Saturday, October 1, 2011

Liz Murray on Her Tumultuous Childhood in "Breaking Night"


(This interview originally ran in the Newark Star-Ledger in October 2010)

In her searing and raw autobiography “Breaking Night : A Memoir of Forgiveness, Survival, and My Journey from Homeless to Harvard (Hyperion, $25) Liz Murray chronicles her childhood living with drug-addicted parents in the hard-hit streets of the Bronx during the crack wars of the 1980s.

Murray’s mother was a legally blind beauty and part-time prostitute. Her father was an ex-graduate student from Long Island. The focus of their lives was using cocaine, with their two daughters being almost an afterthought. Living in a filthy apartment, Murray and her sister mostly fended for themselves. In one horrific period, the mother exposed her daughters to a child molester for free drugs. Murray hooked up with a group of other kids from broken homes who protected each other. She was homeless for four years, but fell into a nurturing alternative high school where she was mentored and miraculously accepted into Harvard University. Murray’s memoir is a riveting look at drug abuse, shattered families and her own resilience.

Murray, 30, is a motivational speaker who lives in New York City. She spoke with freelance writer Dylan Foley on her cell phone from the Detroit Airport.

Q. When did you start writing the book?

A. The book you just read I wrote in one draft when I was 19. I rewrote it several times this past year. My journal from when I was homeless was everything. When you are reading “Breaking Night,” you are basically reading that journal. I ripped the pages out and said, “Okay, I am going to write about what really punched me in the gut when I was out on the streets.”

Q. Early in your memoir, you have a brutal image of your three-year-old self watching your parents shoot up cocaine. Why did you use this incident?

A. When I started writing about that time period, when my dad came out of jail, I wanted to remember the innocence of not really knowing what the significance of what they were doing was. All I knew was that I wanted to get close to them and to be included. To trace the moment of when I really had no idea what I was in for, it was when they started shooting up in front of me. I want the reader to be taken down the rabbit hole with me.

Q. By nine or 10, you were on the streets, hanging out with other feral kids. You managed to create a de facto family that helped each other. Could you describe your tribe?

A. I didn’t realize this at the time, but especially when my friends and I were adolescents, we were recreating our lost families with each other. There are a lot of teenagers across the country whose families were not together.

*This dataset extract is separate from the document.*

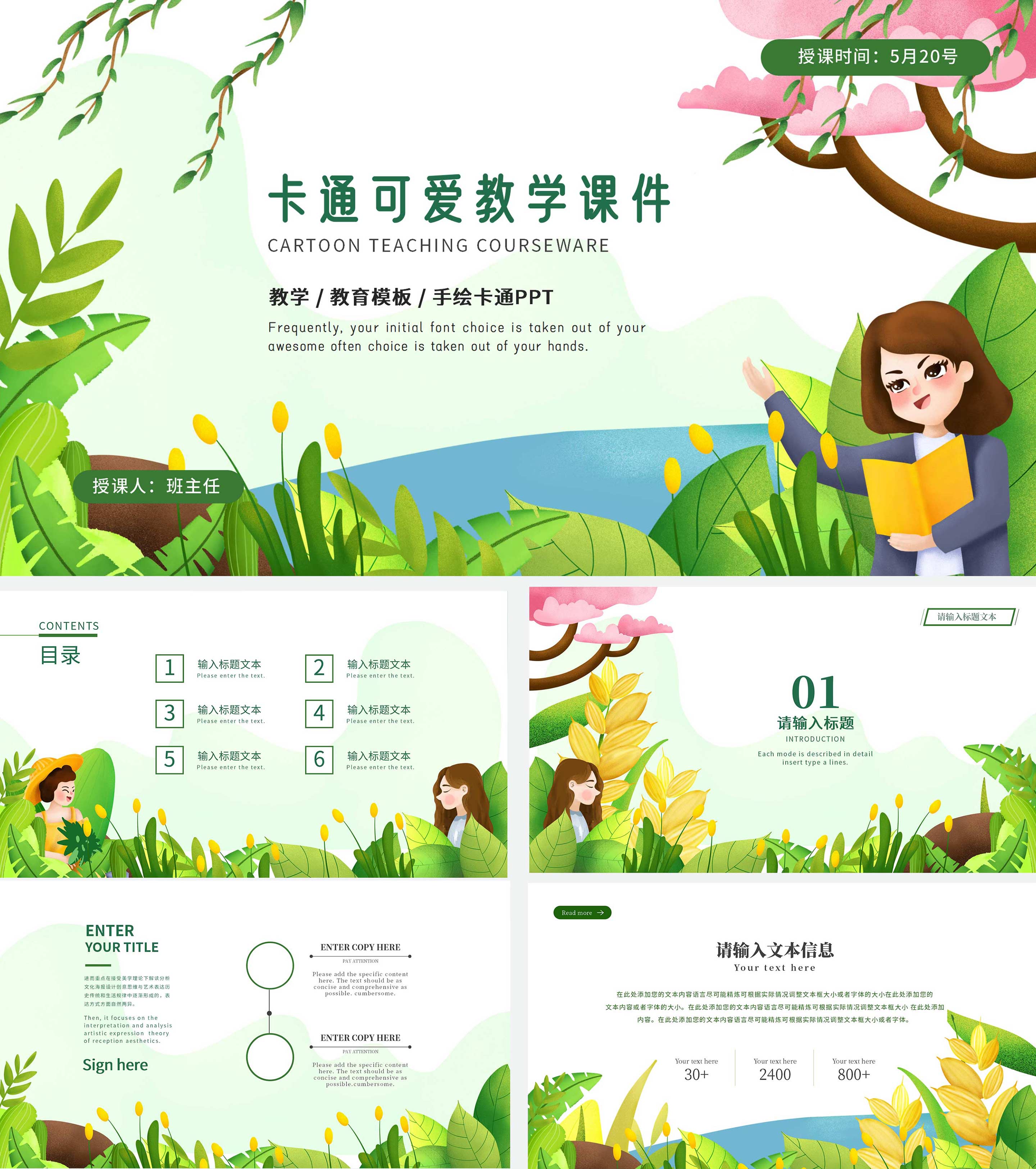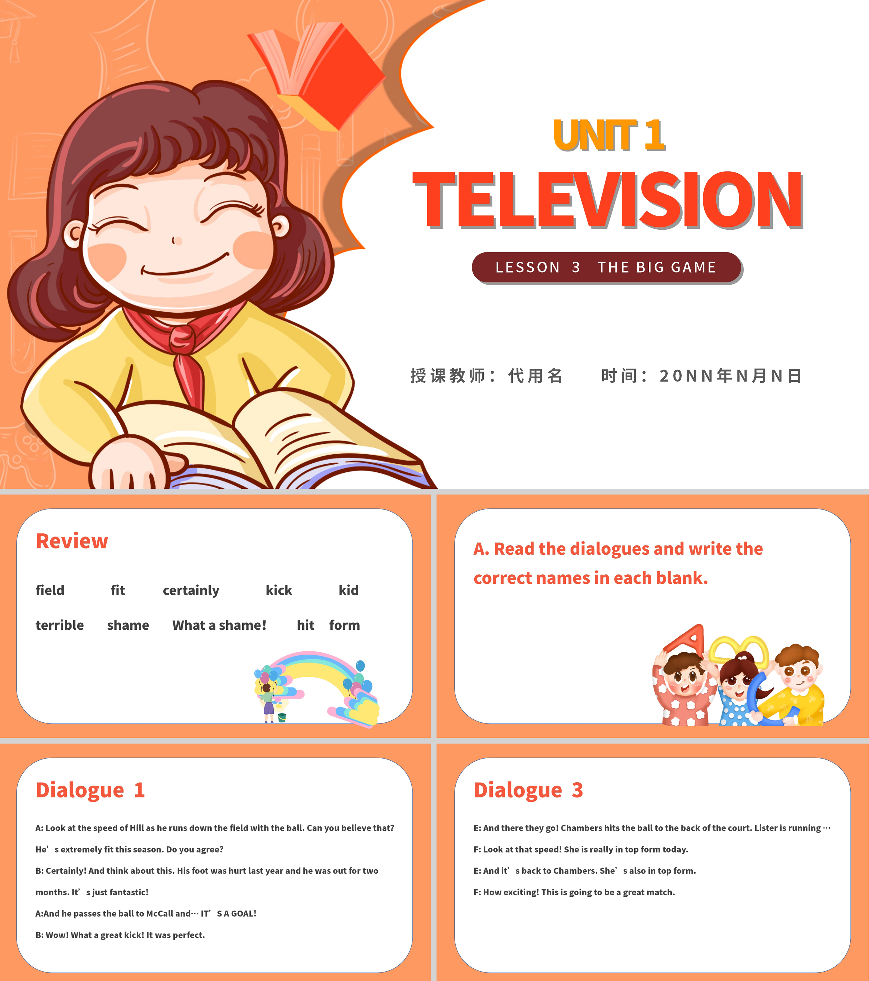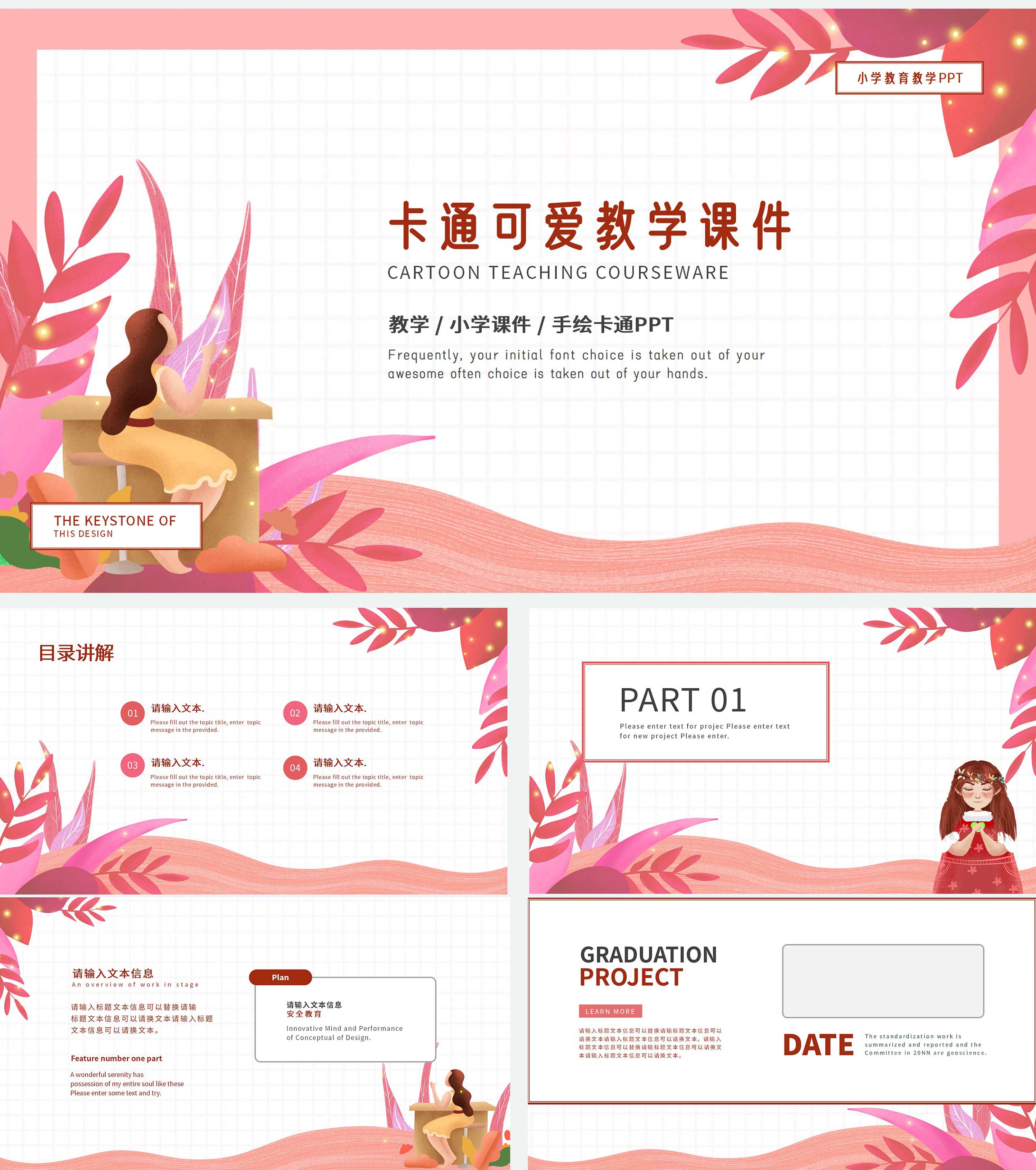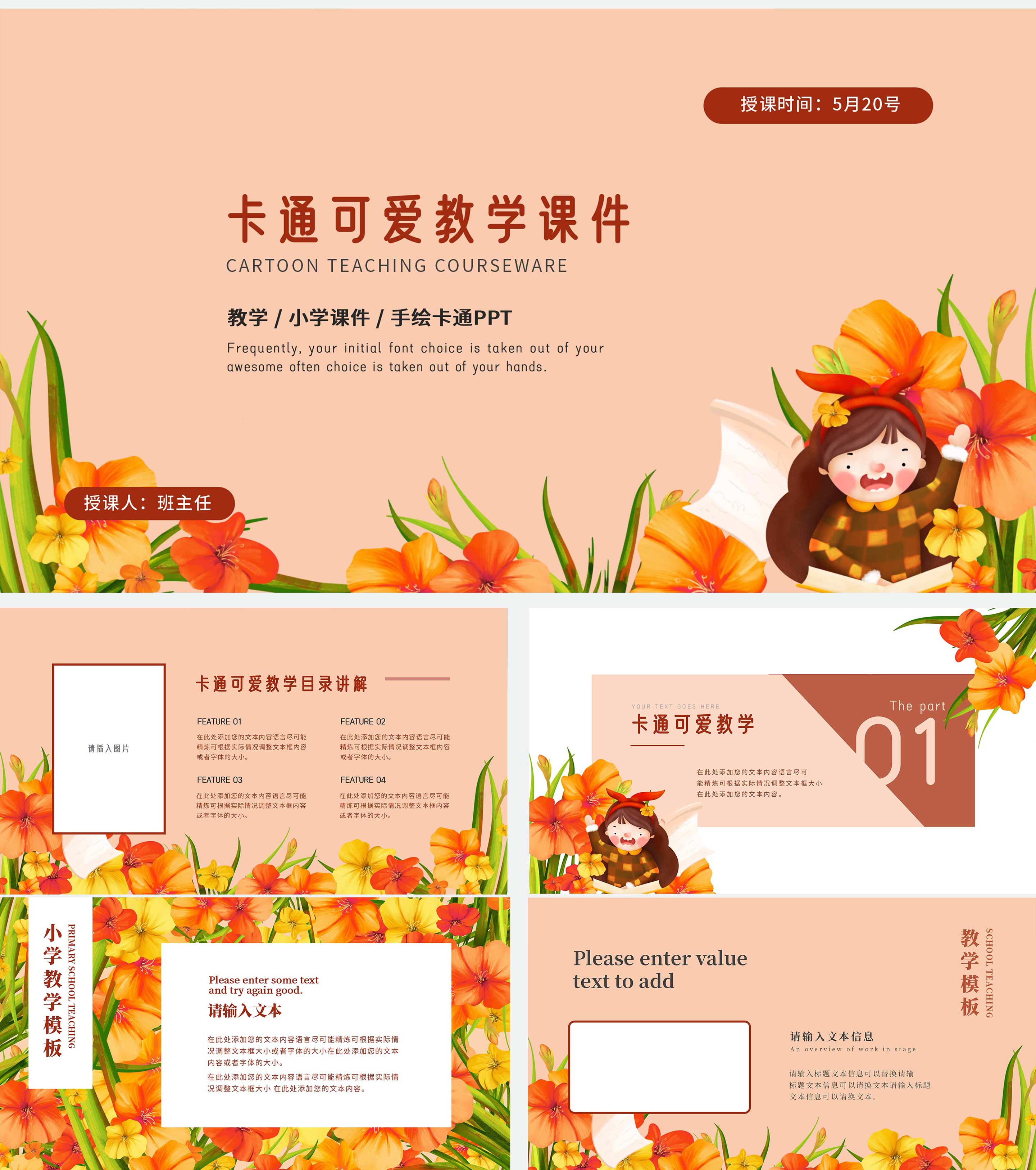 橘粉色卡通可爱小女孩教学课件PPT模板

My situation was not unique. We looked for family where we could get it.

Q. Your mother died of AIDS at the age of 42. In one scene, your mother tries to sell your sister’s winter coat to buy a five-dollar hit of cocaine. A contemptuous drug dealer tosses her a Narcotics Anonymous sobriety coin. What does that coin mean to you?

A. It’s in a frame in my room next to my bed. I’ve kept it all these years. When I have this coin near me, I feel close to her. The essence of the Serenity prayer on the coin is that there are things you can control and things you can’t. When I hold that coin, I have peace in my heart. I know we loved each other the best we could. I can let the other painful things go.

I wrote this book for the community of families impacted by drug abuse. I hope this book winds up in every drug recovery center. I’d like to show you can survive a family devastated by drugs, that you can move towards forgiveness and move on with your life.